▶ **ACTION ITEM**: Your reply should restate the lines from the top of the entries through the line containing "Receptiepen in de" word for word, with no pictures.

▶ **INFORMATION**:
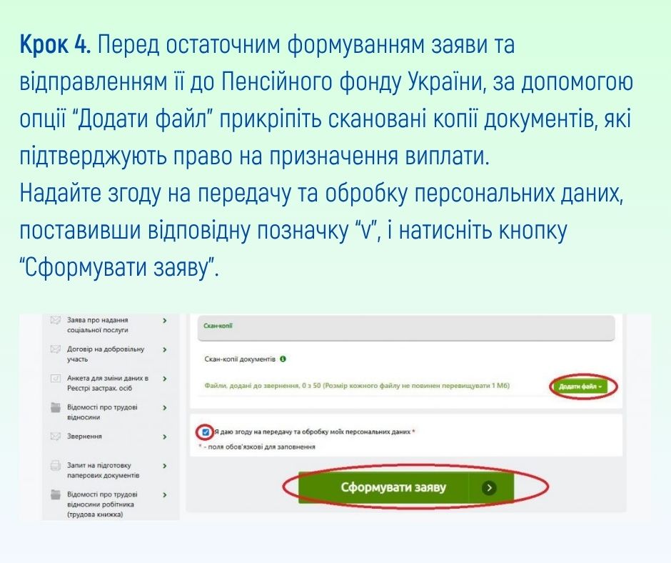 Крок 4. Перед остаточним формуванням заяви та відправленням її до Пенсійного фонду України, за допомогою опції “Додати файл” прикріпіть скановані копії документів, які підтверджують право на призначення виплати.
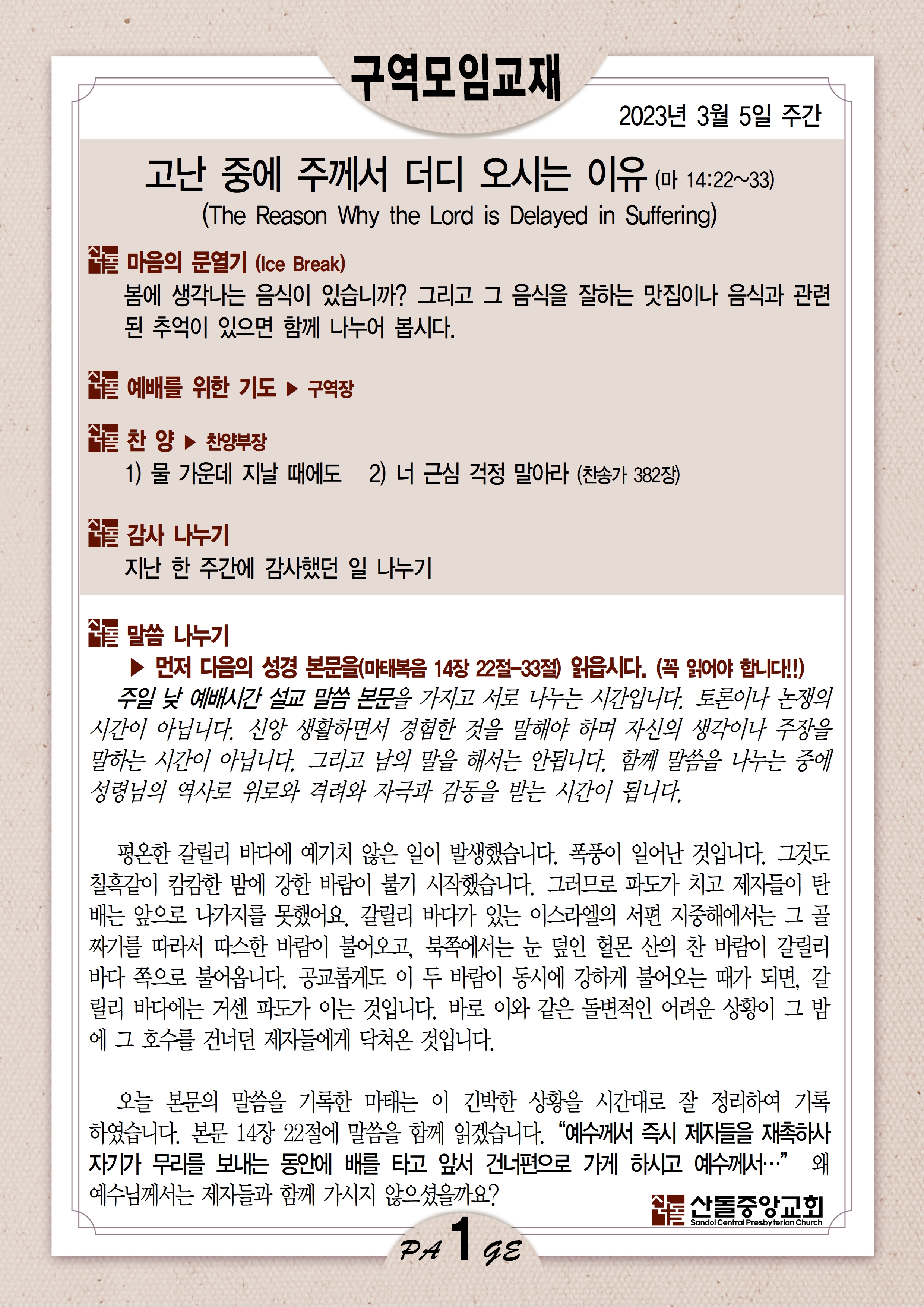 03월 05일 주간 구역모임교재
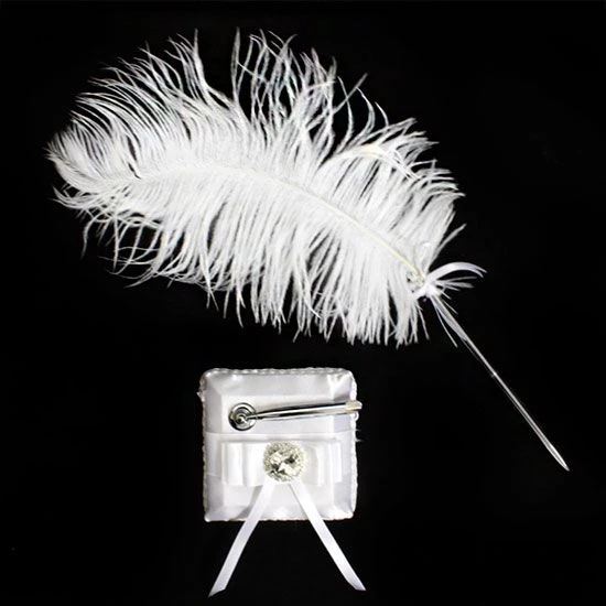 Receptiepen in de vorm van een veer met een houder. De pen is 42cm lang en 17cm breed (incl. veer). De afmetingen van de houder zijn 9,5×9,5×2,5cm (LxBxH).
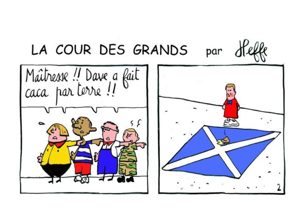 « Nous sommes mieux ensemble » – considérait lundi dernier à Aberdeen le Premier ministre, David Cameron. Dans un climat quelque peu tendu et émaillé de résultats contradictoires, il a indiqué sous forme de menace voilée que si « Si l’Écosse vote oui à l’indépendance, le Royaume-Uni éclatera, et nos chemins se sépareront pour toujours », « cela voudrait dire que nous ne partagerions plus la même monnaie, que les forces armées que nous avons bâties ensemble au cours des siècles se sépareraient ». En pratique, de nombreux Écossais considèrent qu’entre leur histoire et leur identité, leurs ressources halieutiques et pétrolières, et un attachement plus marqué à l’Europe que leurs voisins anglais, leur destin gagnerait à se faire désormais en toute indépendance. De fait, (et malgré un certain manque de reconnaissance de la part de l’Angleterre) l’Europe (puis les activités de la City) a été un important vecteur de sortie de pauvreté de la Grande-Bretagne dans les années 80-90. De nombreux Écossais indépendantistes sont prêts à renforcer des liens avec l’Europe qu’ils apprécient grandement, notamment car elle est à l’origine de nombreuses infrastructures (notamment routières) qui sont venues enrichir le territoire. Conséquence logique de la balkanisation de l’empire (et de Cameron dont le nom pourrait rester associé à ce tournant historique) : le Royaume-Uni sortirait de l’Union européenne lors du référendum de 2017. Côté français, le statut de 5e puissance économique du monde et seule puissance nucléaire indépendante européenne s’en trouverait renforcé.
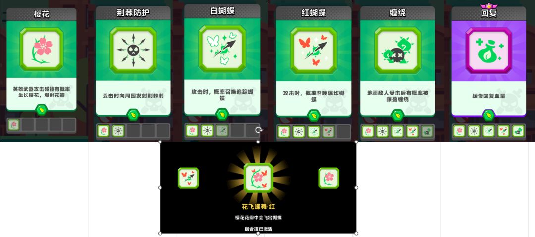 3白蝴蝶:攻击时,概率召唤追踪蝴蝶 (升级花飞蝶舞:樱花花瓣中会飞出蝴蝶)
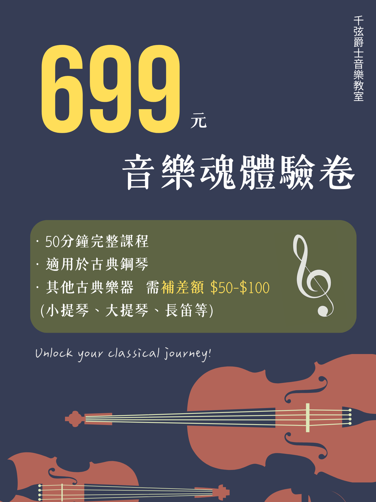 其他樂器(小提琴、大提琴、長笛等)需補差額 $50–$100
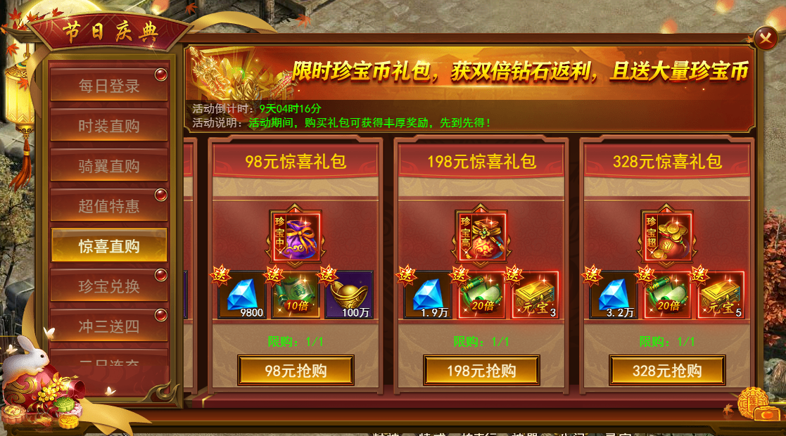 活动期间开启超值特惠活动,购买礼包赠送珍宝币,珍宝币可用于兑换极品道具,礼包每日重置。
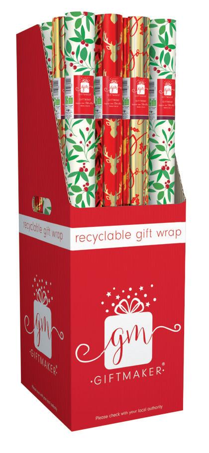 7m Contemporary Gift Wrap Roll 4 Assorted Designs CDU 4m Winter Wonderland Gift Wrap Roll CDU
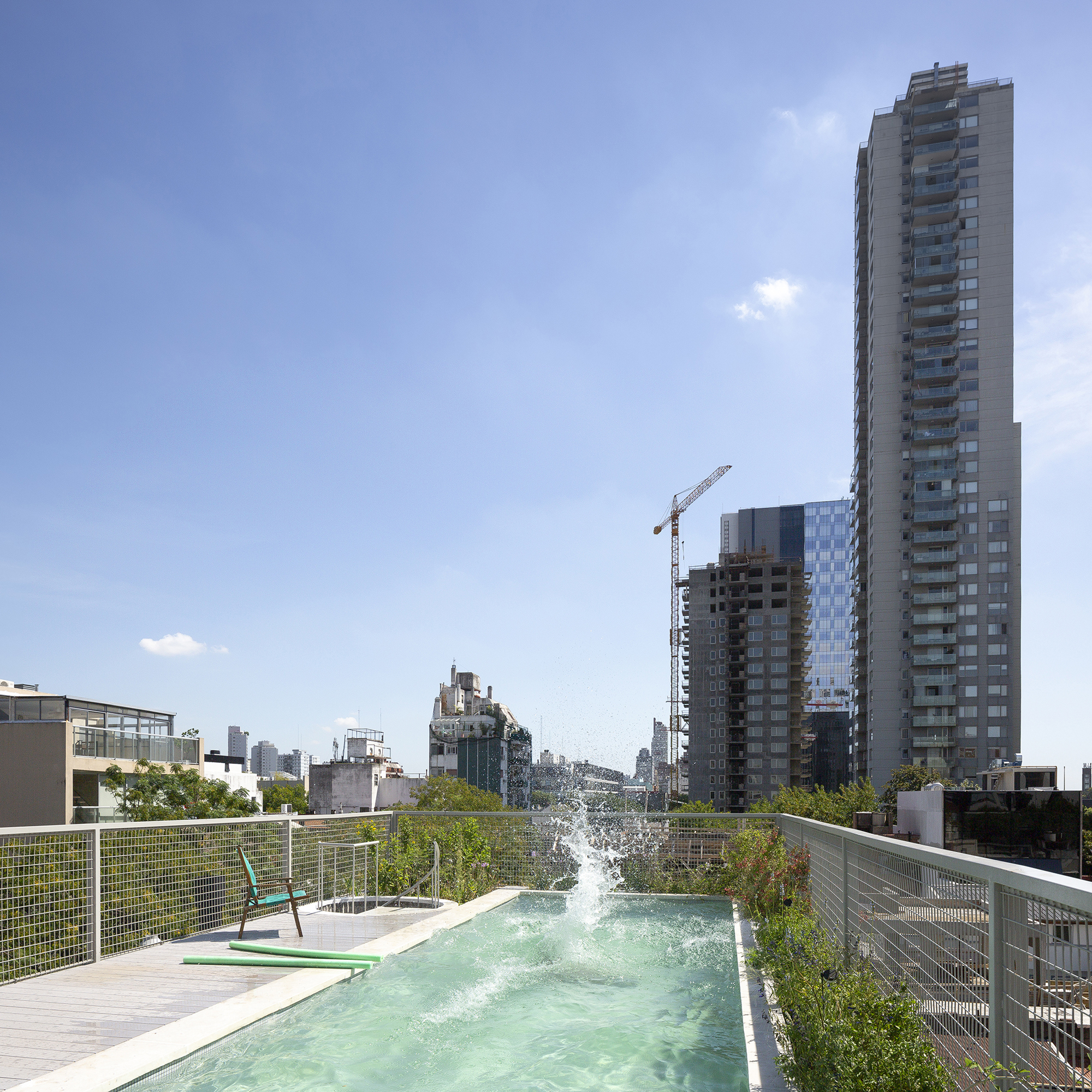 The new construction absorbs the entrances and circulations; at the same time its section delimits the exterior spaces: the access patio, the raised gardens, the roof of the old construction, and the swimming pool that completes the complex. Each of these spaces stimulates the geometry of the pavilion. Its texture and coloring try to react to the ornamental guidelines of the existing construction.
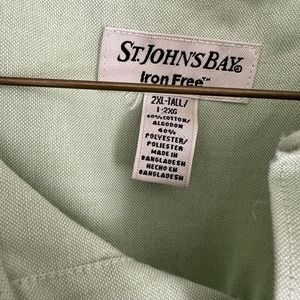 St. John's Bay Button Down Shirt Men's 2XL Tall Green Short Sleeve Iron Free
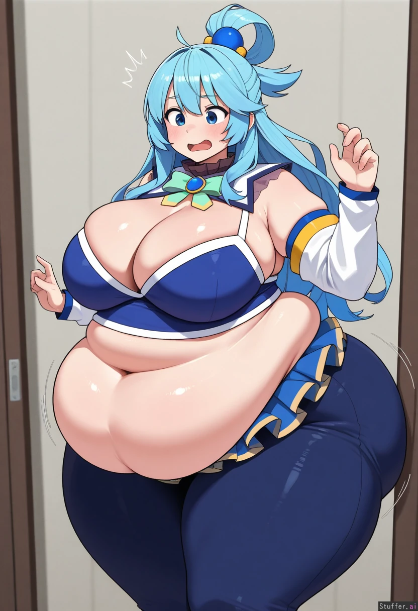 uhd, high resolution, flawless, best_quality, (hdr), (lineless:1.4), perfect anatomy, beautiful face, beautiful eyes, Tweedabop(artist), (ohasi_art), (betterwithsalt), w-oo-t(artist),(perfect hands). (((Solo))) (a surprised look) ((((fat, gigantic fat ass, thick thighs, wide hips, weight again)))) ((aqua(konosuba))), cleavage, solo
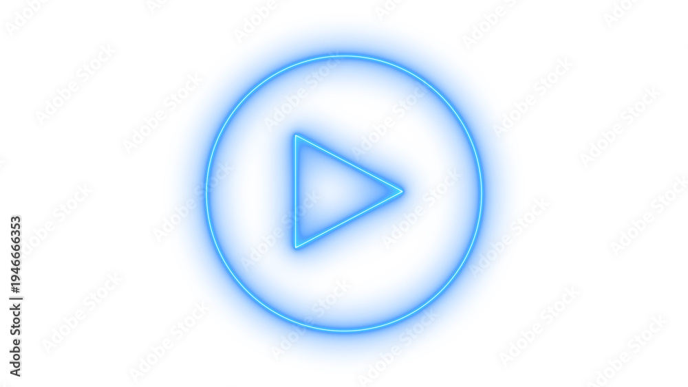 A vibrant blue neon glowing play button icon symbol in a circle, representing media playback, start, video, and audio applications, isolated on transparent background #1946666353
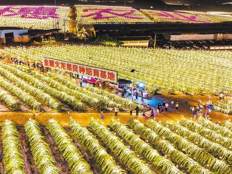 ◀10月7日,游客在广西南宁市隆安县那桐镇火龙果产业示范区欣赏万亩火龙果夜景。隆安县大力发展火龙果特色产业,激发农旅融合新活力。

▶ **ANSWER BOX**:
 Крок 4. Перед остаточним формуванням заяви та відправленням її до Пенсійного фонду України, за допомогою опції “Додати файл” прикріпіть скановані копії документів, які підтверджують право на призначення виплати.
 03월 05일 주간 구역모임교재
 Receptiepen in de vorm van een veer met een houder. De pen is 42cm lang en 17cm breed (incl. veer). De afmetingen van de houder zijn 9,5×9,5×2,5cm (LxBxH).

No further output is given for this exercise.